:: What the task requires ::
Print all the data that follows exactly, images excluded.

Stored items:

_ _ _

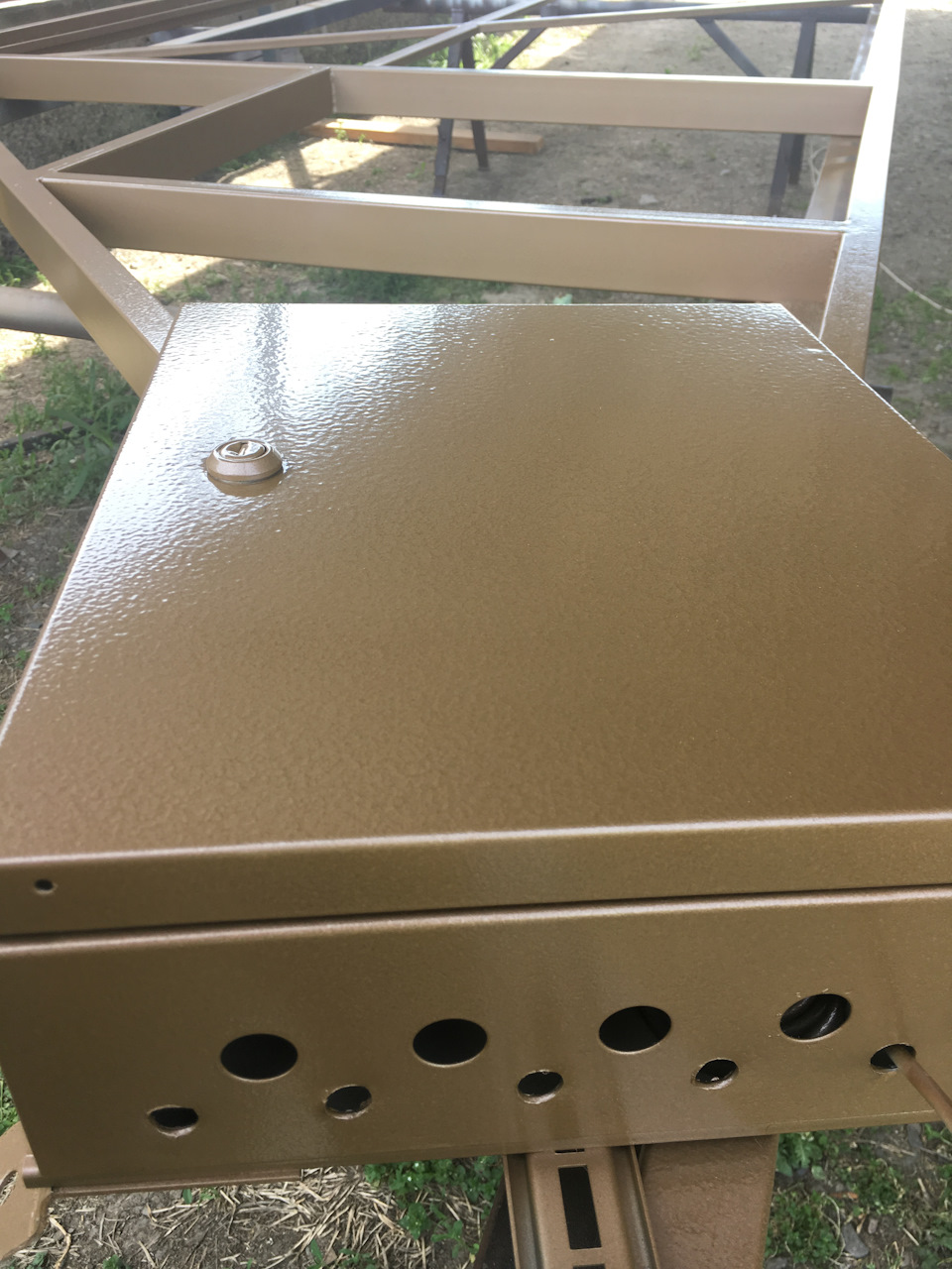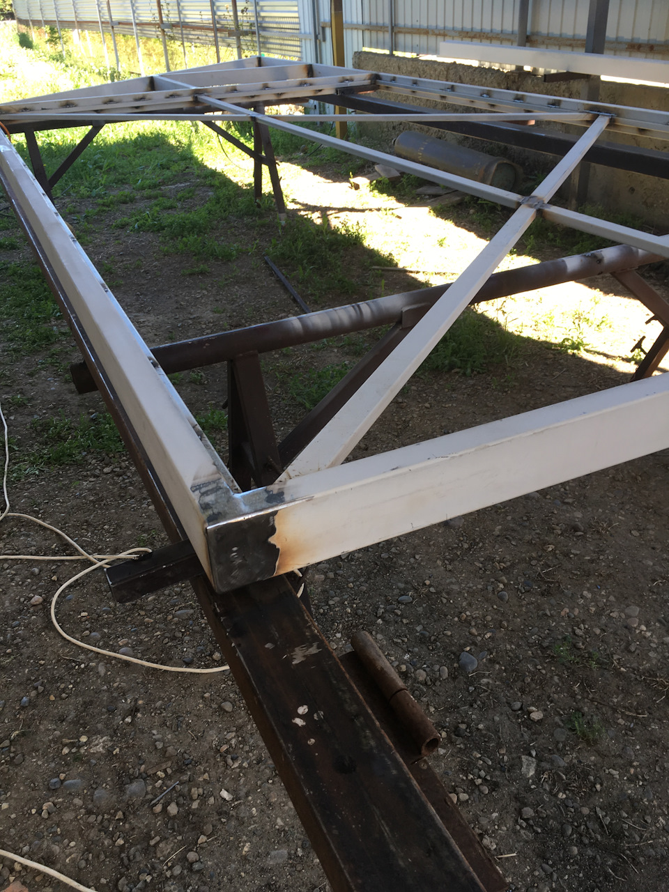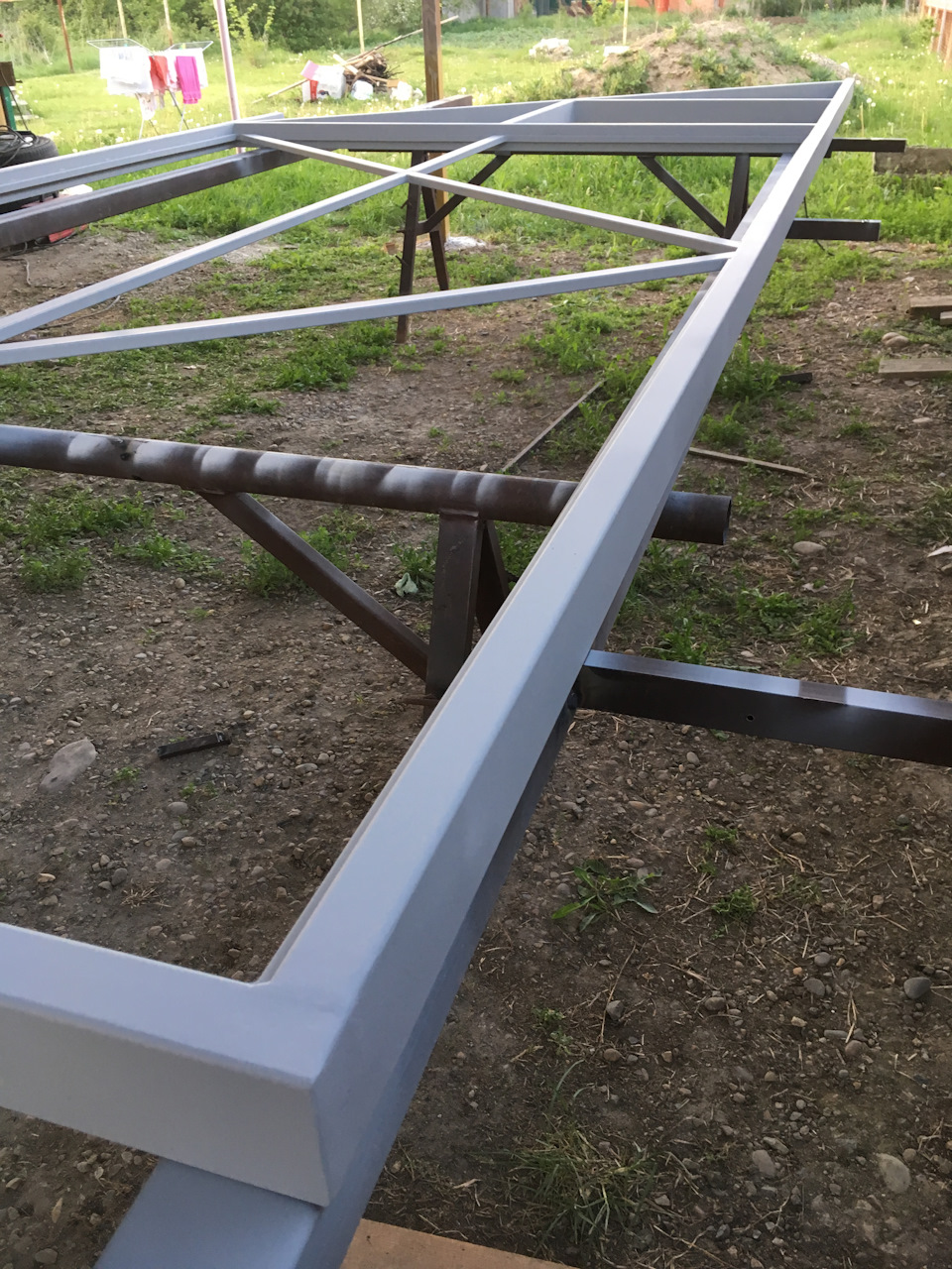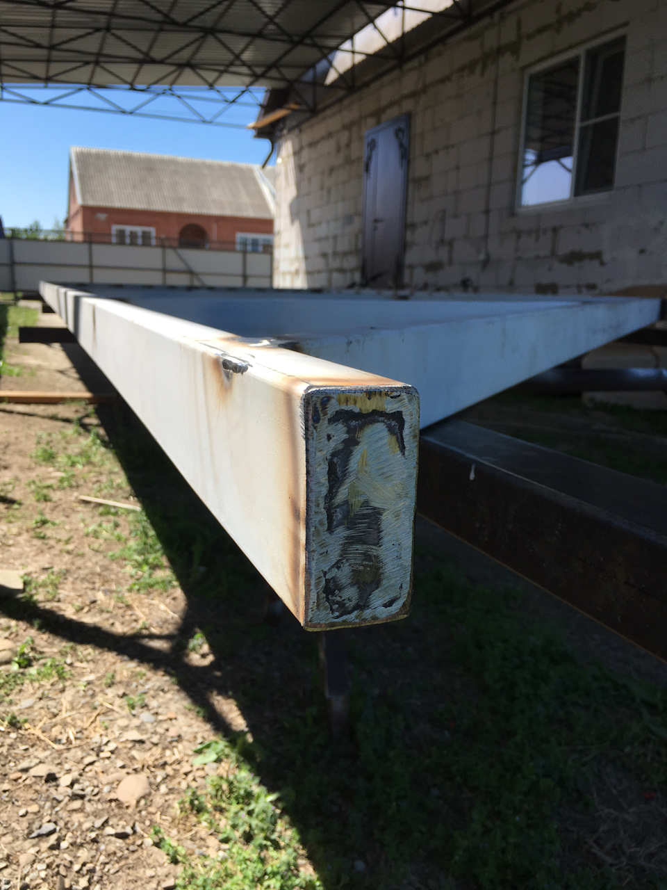 Покрасили и пусть сохнет. Едим к заказчику монтировать балку и роликовые блоки.
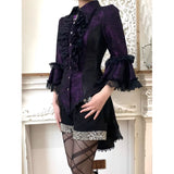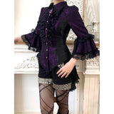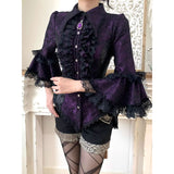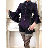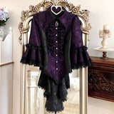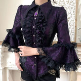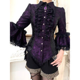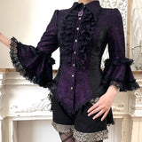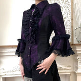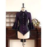 西洋貴族のプリンセスジャガードブラウス | Half Sleeves - Dark Purple[2026年6月上旬-6月下旬発送予定]
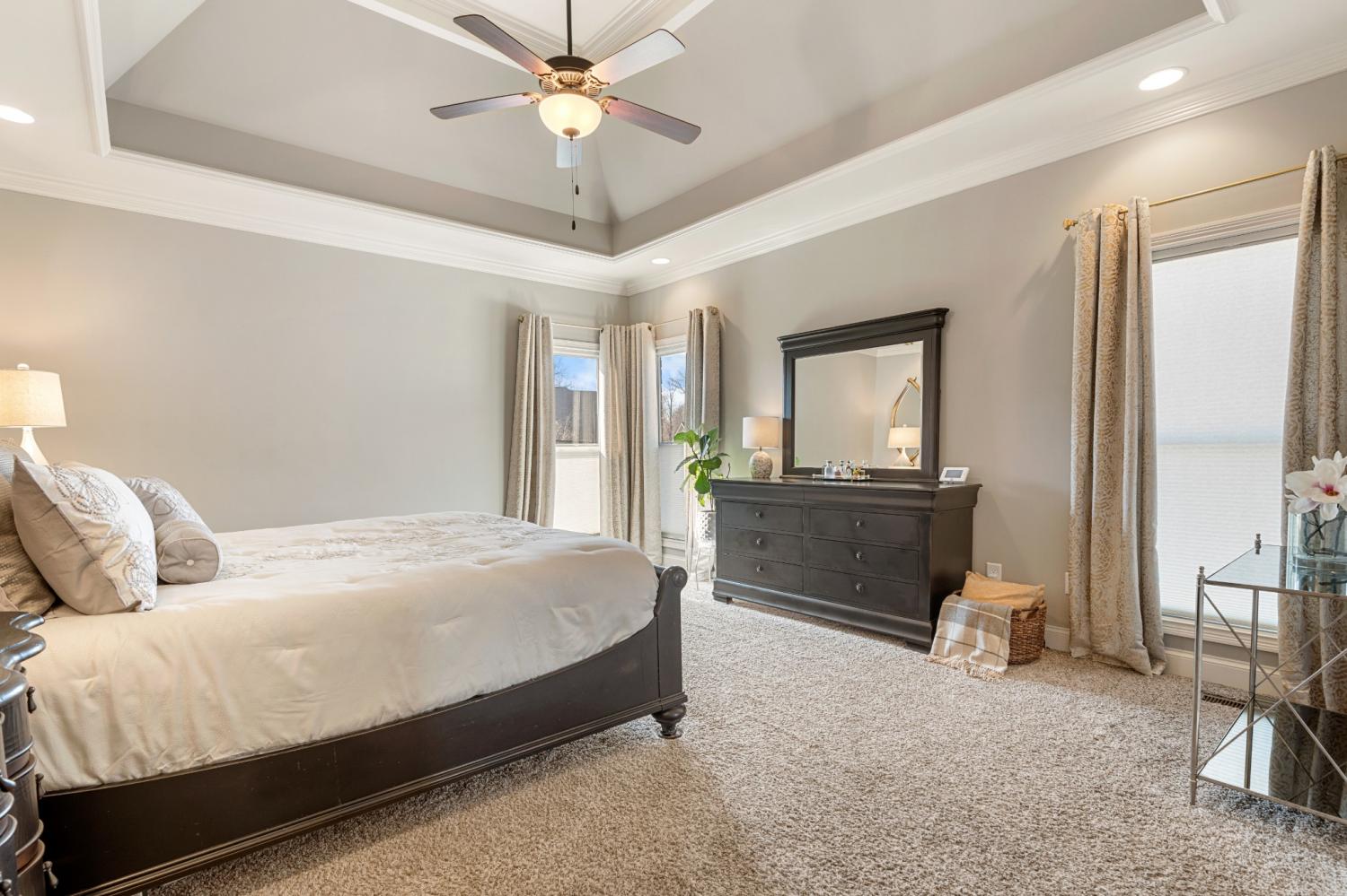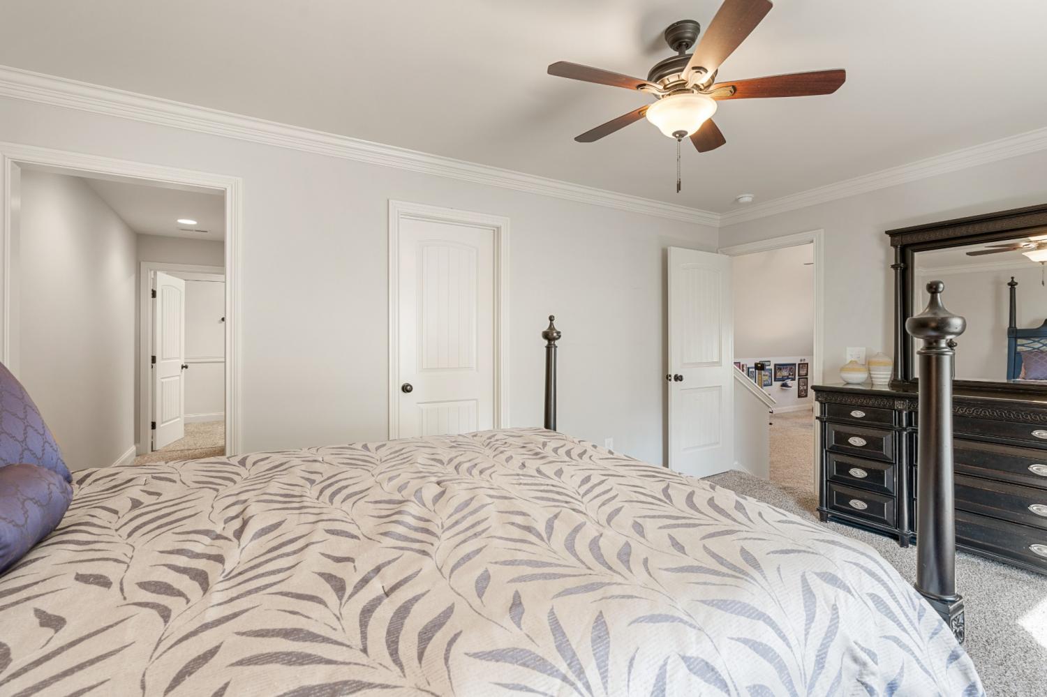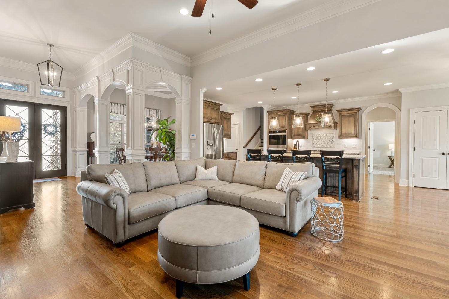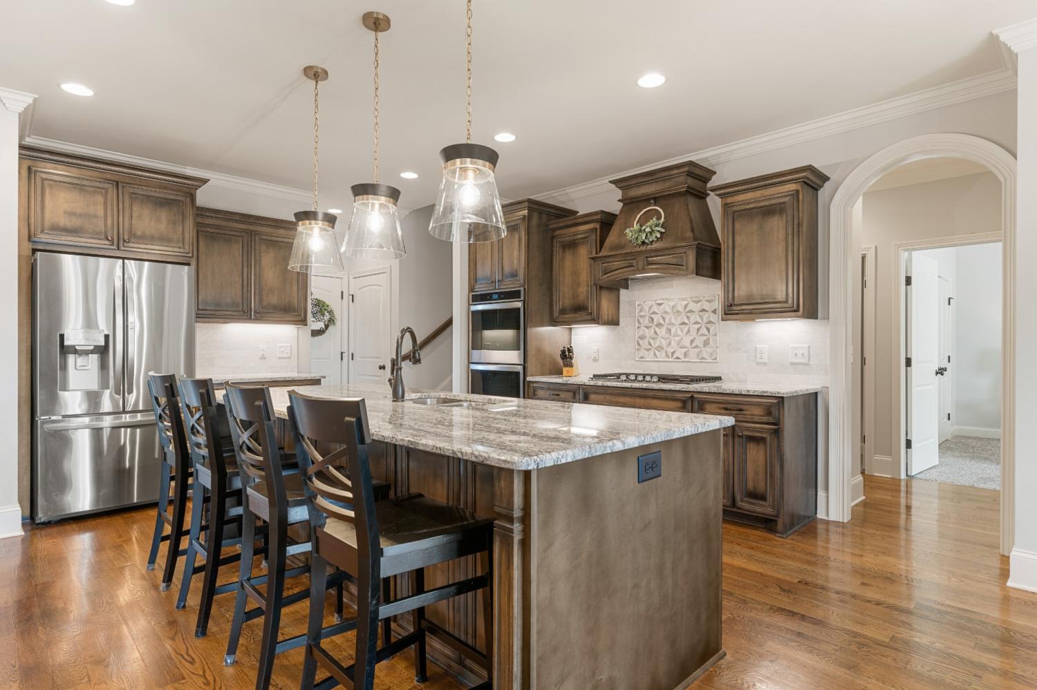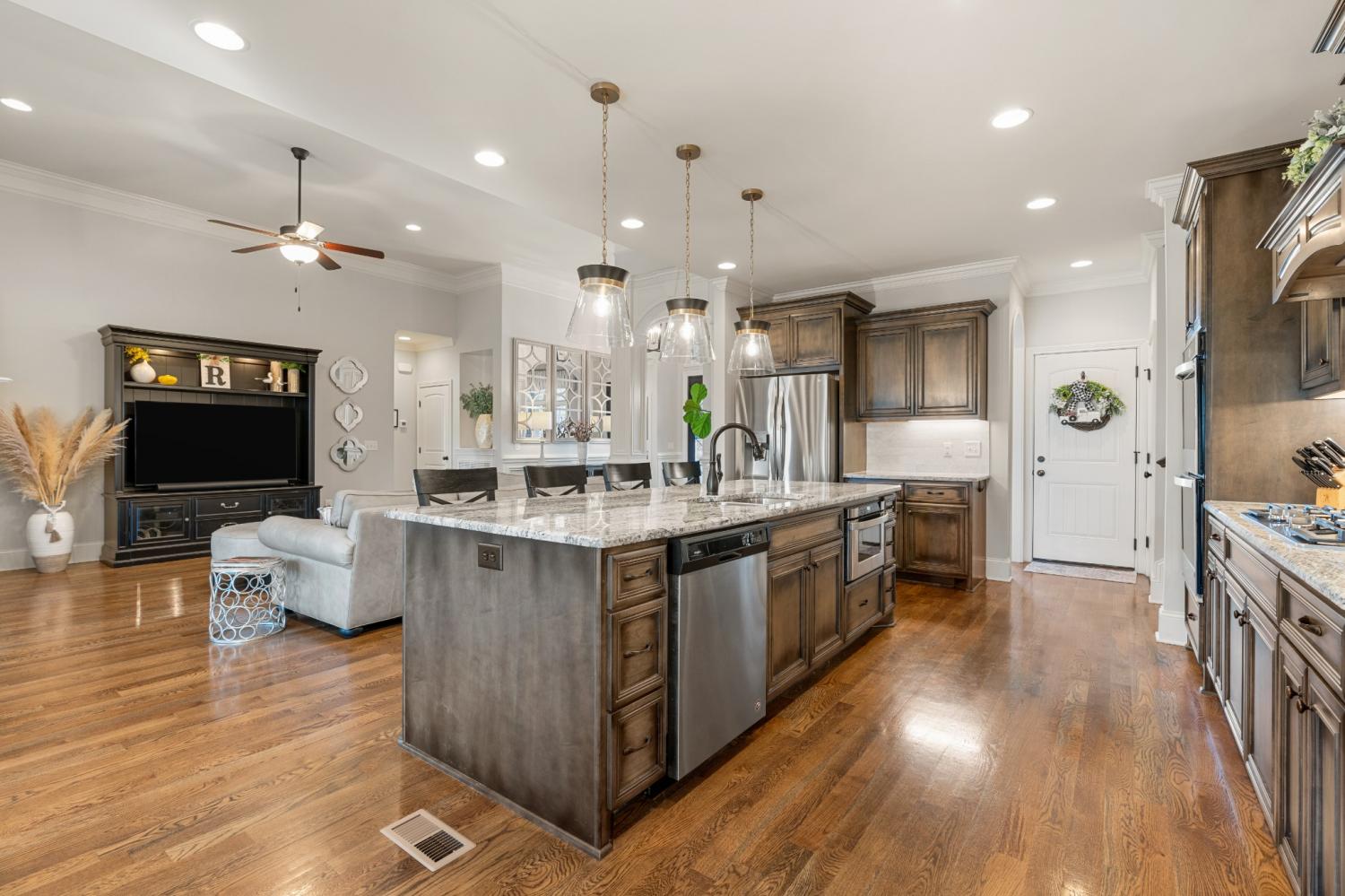 This one-owner expanded Chelsea plan built by Eastland Construction in 2018, is located on a cul-de-sac in Blackberry Trace, a quiet, 64-home community with convenience to popular locations in the Greater Nashville area and zoned for Wilson County schools. With nearly 3,600 sqft and 5 bedrooms (or 4 bedrooms + an Office), including 4 bedrooms on the main level and a private guest suite upstairs, this home provides maximum flexibility to accommodate working from home and growing or multi-generational families. Features include custom iron entry double doors; an open concept; 3/4" oak hardwoods; tile in all wet areas; tulip poplar millwork, including wainscoting, recessed panels, decorative columns, and coffered ceiling in the dining room; granite counters in the kitchen and primary suite; new backsplash in kitchen; custom maple cabinetry; custom closet built-ins; custom shelving in garage; whole-home smart wiring, security, and antenna; upgraded light fixtures; a floor-to-ceiling stacked stone gas fireplace; a 680 sqft bonus room; and additional storage, including a large walk-in attic. Outside, you will find a screened porch from which to enjoy sunsets, a stone wood-burning fireplace with seating wall, privacy fence, 5-person hot tub, extensive landscaping with uplighting, sodded fescue, and smart irrigation. Also includes an encapsulated and conditioned crawlspace. The neighborhood is just 20 min or less to Lebanon, Mt. Juliet, and Gallatin, 30 min to BNA, and less than 15 min to grocery stores, restaurants, shopping, and boat ramps for convenient access to Old Hickory Lake. Exterior images/video captured in Fall 2025 in preparation for February listing; interior images/video from 2026. Be sure to check out the included video!
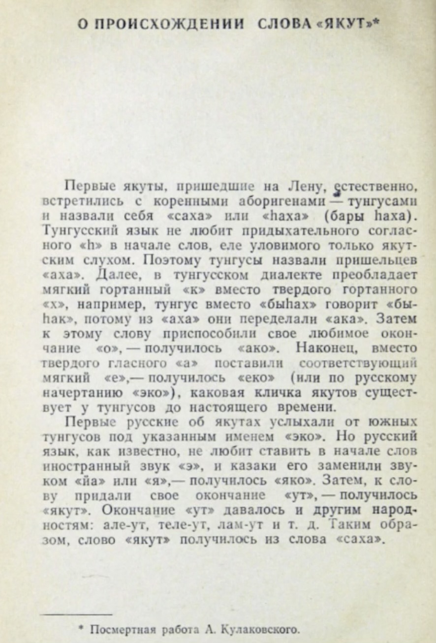 Интересным продуктом такого соседства является слово “якут”, которое, согласно статье учёного-филолога А. Е. Кулаковского “О происхождении слова «якут»”, произошло от слова “саха”.
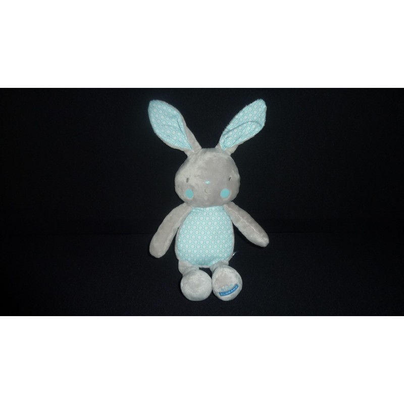 Description du doudou : Doudou peluche lapin de 25 cm environ (sans les oreilles). Coloris : gris, turquoise motif alvéoles. Doudou super doux. Etat : Neuf sans étiquette boutique (défaut d'origine sur une oreille), produit original.
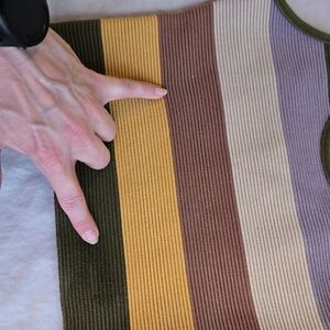 Green trim and stripe, with mauve, pastel purple, orange, multicolor stripe.
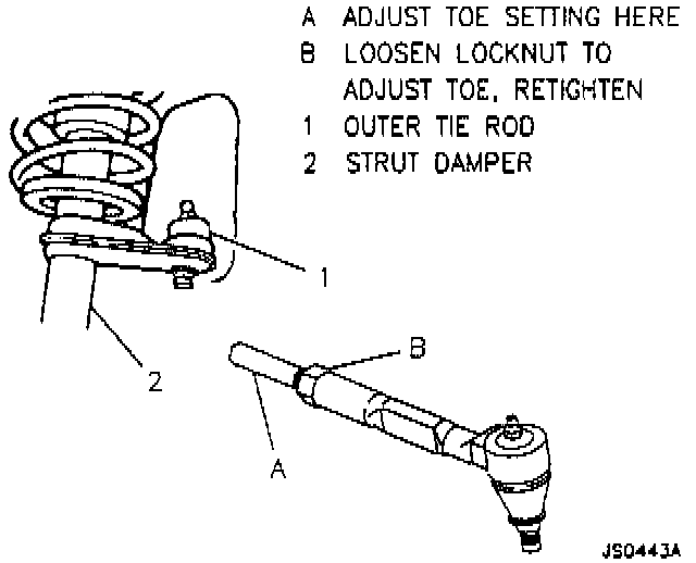 Adjust toe to specification by turning adjuster.

_ _ _

:: Result for this exercise ::
 Покрасили и пусть сохнет. Едим к заказчику монтировать балку и роликовые блоки.
 西洋貴族のプリンセスジャガードブラウス | Half Sleeves - Dark Purple[2026年6月上旬-6月下旬発送予定]
 This one-owner expanded Chelsea plan built by Eastland Construction in 2018, is located on a cul-de-sac in Blackberry Trace, a quiet, 64-home community with convenience to popular locations in the Greater Nashville area and zoned for Wilson County schools. With nearly 3,600 sqft and 5 bedrooms (or 4 bedrooms + an Office), including 4 bedrooms on the main level and a private guest suite upstairs, this home provides maximum flexibility to accommodate working from home and growing or multi-generational families. Features include custom iron entry double doors; an open concept; 3/4" oak hardwoods; tile in all wet areas; tulip poplar millwork, including wainscoting, recessed panels, decorative columns, and coffered ceiling in the dining room; granite counters in the kitchen and primary suite; new backsplash in kitchen; custom maple cabinetry; custom closet built-ins; custom shelving in garage; whole-home smart wiring, security, and antenna; upgraded light fixtures; a floor-to-ceiling stacked stone gas fireplace; a 680 sqft bonus room; and additional storage, including a large walk-in attic. Outside, you will find a screened porch from which to enjoy sunsets, a stone wood-burning fireplace with seating wall, privacy fence, 5-person hot tub, extensive landscaping with uplighting, sodded fescue, and smart irrigation. Also includes an encapsulated and conditioned crawlspace. The neighborhood is just 20 min or less to Lebanon, Mt. Juliet, and Gallatin, 30 min to BNA, and less than 15 min to grocery stores, restaurants, shopping, and boat ramps for convenient access to Old Hickory Lake. Exterior images/video captured in Fall 2025 in preparation for February listing; interior images/video from 2026. Be sure to check out the included video!
 Интересным продуктом такого соседства является слово “якут”, которое, согласно статье учёного-филолога А. Е. Кулаковского “О происхождении слова «якут»”, произошло от слова “саха”.
 Description du doudou : Doudou peluche lapin de 25 cm environ (sans les oreilles). Coloris : gris, turquoise motif alvéoles. Doudou super doux. Etat : Neuf sans étiquette boutique (défaut d'origine sur une oreille), produit original.
 Green trim and stripe, with mauve, pastel purple, orange, multicolor stripe.
 Adjust toe to specification by turning adjuster.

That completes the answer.